Excluding multiple results in specific column (SQL JOIN)

I'm taking my first steps in terms of practical SQL use in real life.
I have a few tables with contractual and financial information and the query works exactly as I need - to a certain point. It looks more or less like that:
SELECT /some columns/ from CONTRACTS
Linked 3 extra tables with INNER JOIN to add things like department names, product information etc. This all works but they all have simplish one-to-one relationship (one contract related to single department in Department table, one product information entry in the corresponding table etc).
Now this is my challenge:
I also need to add contract invoicing information doing something like:
inner join INVOICES on CONTRACTS.contnoC = INVOICES.contnoI
(and selecting also the Invoice number linked to the Contract number, although that's partly optional)

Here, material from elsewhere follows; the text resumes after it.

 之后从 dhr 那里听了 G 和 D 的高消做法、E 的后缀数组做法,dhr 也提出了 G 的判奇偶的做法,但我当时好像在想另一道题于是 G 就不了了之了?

The problem I'm facing is that unlike with other tables where there's always one-to-one relationship when joining tables, INVOICES table can have multiple (or none at all) entries that correspond to a single contract no. The result is that I will get multiple query results for a single contract no (with different invoice numbers presented), needlessly crowding the query results.
Essentially I'm looking to add INVOICES table to a query to just identify if the contract no is present in the INVOICES table (contract has been invoiced or not). Invoice number itself could be presented (it is with INNER JOIN), however it's not critical as long it's somehow marked. Invoice number fields remains blank in the result with the INNER JOIN function, which is also necessary (i.e. to have the row presented even if the match is not found in INVOICES table).

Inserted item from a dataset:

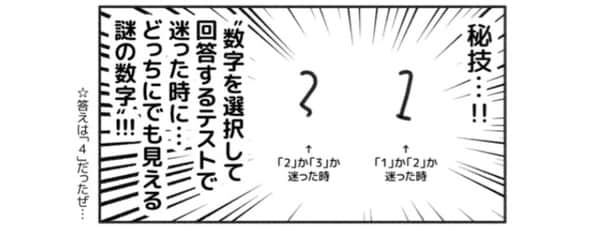 2026年1月27日 テストで迷ったときは、「どっちにも見える謎の数字」を書いて乗り切る!テストの秘技に「やったことある」の声続出/コハラモトシさん傑作選 Walkerplus 完璧主義に苦しんだり、人目を気にしたり、人から言われた一言に落ち込んだり…。そんな誰もが抱える悩みの対処法を描く、漫画家のコハラモトシさん。数々の人気作品の中から、読めば前向きになれるストーリーを集めた傑作選をお届けします。 →『コハラモトシさん傑作選』を最初から読む 賢いのかバカなのか分からない戦法(1) / 画像提供:コハラモトシ(@kohara_motoshi)賢いのかバカなのか分からない戦法(2) / 画像提供:コハラモトシ(@kohara_motoshi)賢いのかバカなのか分からない戦法(3) / 画像提供:コハラモトシ(@kohara_motoshi) →【漫画】この漫画をはじめから読む →【漫画】『怖いトモダチ』を読む →【漫画】『恐らく誰の人生にも影響を及ぼすことはない僕のサラリーマン生活』を読む 著:コハラモトシ

SELECT DISTINCT would look to do what I need, but I seemed to face the problem that I need to levy DISTINCT criteria only for column representing contract numbers, NOT any other column (there can be same values presented, but all those should be presented).
Unfortunately I'm not totally aware of what database system I am using.
Seems like the question is still getting some attention and in an effort to provide some explanation here are a few techniques.
If you just want any contract with details from the 1 to 1 tables you can do it similarily to what you have described. the key being NOT to include any column from Invoices table in the column list.
SELECT
DISTINCT Contract, Department, ProductId .....(nothing from Invoices Table!!!)
FROM
Contracts c
INNER JOIN Departments D
ON c.departmentId = d.Department
INNER JOIN Product p
ON c.ProductId = p.ProductId
INNER JOIN Invoices i
ON c.contnoC = i.contnoI
Perhaps a Little cleaner would be to use IN or EXISTS like so:
SELECT
Contract, Department, ProductId .....(nothing from Invoices Table!!!)
FROM
Contracts c
INNER JOIN Departments D
ON c.departmentId = d.Department
INNER JOIN Product p
ON c.ProductId = p.ProductId
WHERE
EXISTS (SELECT 1 FROM Invoices i WHERE i.contnoI = c.contnoC )
SELECT
Contract, Department, ProductId .....(nothing from Invoices Table!!!)
FROM
Contracts c
INNER JOIN Departments D
ON c.departmentId = d.Department
INNER JOIN Product p
ON c.ProductId = p.ProductId
WHERE
contnoC IN (SELECT contnoI FROM Invoices)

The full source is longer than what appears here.